Reducing card use can be easier said than done. Worksheet from U.S. consumer bureau provides one simple blueprint
Reading about ways to cut credit card spending is one thing. Remembering the rules during a busy day is something else.
On Monday the U.S. Consumer Financial Protection Bureau published a worksheet for consumers to build healthier habits of credit card use. Internalizing simple rules of thumb can be an effective way to control spending, research has found.“Consumers can use this worksheet to develop rules about their credit card spending that are based on their own personal financial situations, and commit to taking action,” the agency said in a statement.

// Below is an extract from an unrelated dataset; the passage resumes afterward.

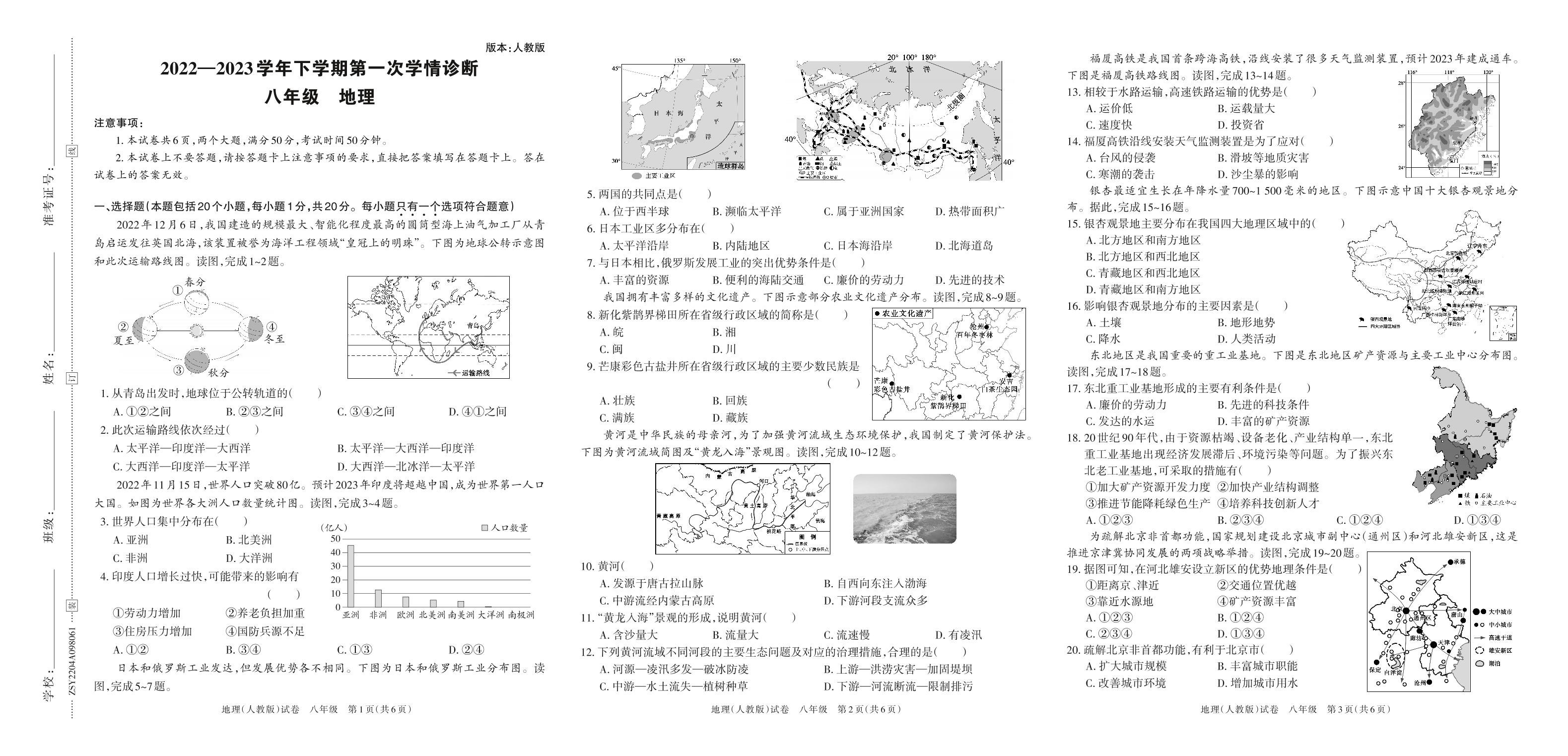 河南省洛阳市宜阳县2022—2023学年下学期第一次学情诊断试卷八年级地理(人教版)

By avoiding cards on purchases under $20 consumers can trim spending that builds card debt. The rule even has a catchphrase: “Don’t swipe the small stuff.” Since most consumers feel comfortable carrying up to $20 in cash, it should be possible to pay for relatively small items without adding to a revolving balance.

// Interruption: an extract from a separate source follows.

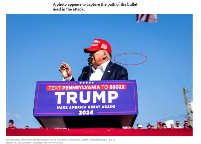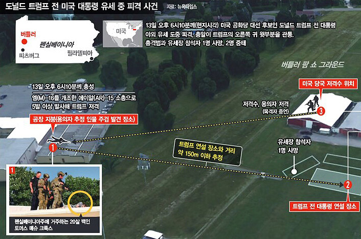 그중 한발이 트럼프의 오른쪽 귓볼을 스친다.

In case that is easier said than done, the worksheet walks you through an analysis of card spending to build specific tactics. By looking at the types of small purchases and the time of day, patterns can emerge that help control card use.

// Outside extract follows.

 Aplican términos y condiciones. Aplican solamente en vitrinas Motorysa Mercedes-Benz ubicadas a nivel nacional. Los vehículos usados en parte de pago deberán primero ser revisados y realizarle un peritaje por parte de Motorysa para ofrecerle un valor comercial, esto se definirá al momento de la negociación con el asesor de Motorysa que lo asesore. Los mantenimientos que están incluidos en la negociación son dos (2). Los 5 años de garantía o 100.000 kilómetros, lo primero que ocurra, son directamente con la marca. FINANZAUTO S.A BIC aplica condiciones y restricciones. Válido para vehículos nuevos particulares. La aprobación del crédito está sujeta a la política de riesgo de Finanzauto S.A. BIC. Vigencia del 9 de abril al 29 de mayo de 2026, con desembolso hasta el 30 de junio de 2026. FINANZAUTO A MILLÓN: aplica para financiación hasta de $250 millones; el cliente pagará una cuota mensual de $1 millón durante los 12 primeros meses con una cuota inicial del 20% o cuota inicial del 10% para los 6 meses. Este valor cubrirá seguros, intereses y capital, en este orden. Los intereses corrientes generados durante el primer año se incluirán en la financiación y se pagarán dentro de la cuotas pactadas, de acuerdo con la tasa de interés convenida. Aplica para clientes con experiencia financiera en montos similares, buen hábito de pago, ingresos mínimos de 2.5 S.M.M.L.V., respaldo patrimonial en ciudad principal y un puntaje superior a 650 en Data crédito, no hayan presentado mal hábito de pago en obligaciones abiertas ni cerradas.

For example, if coffee is the culprit in small swipes, you can resolve to pay cash for the morning jolt and plan ahead. Other resolutions include paying cash once a month for taxis or gas, or going into cash-only mode after 8 p.m. on weekends.
Simple guidelines or rules of thumb “are a promising strategy to help simplify day-to-day decisions, such as managing credit card debt,” the CFPB said in a statement announcing the worksheet.
Dr. Barbara O’Neill, a finance professor at Rutgers Cooperative Extension in New Jersey, agreed that simple guidelines can be helpful. A better strategy with credit cards, however, is to pay the balance in full every month, or as much as possible, she said.
“For a person who has discipline and resources to set cash aside, they want to charge things in order to get rewards points,” O’Neill said.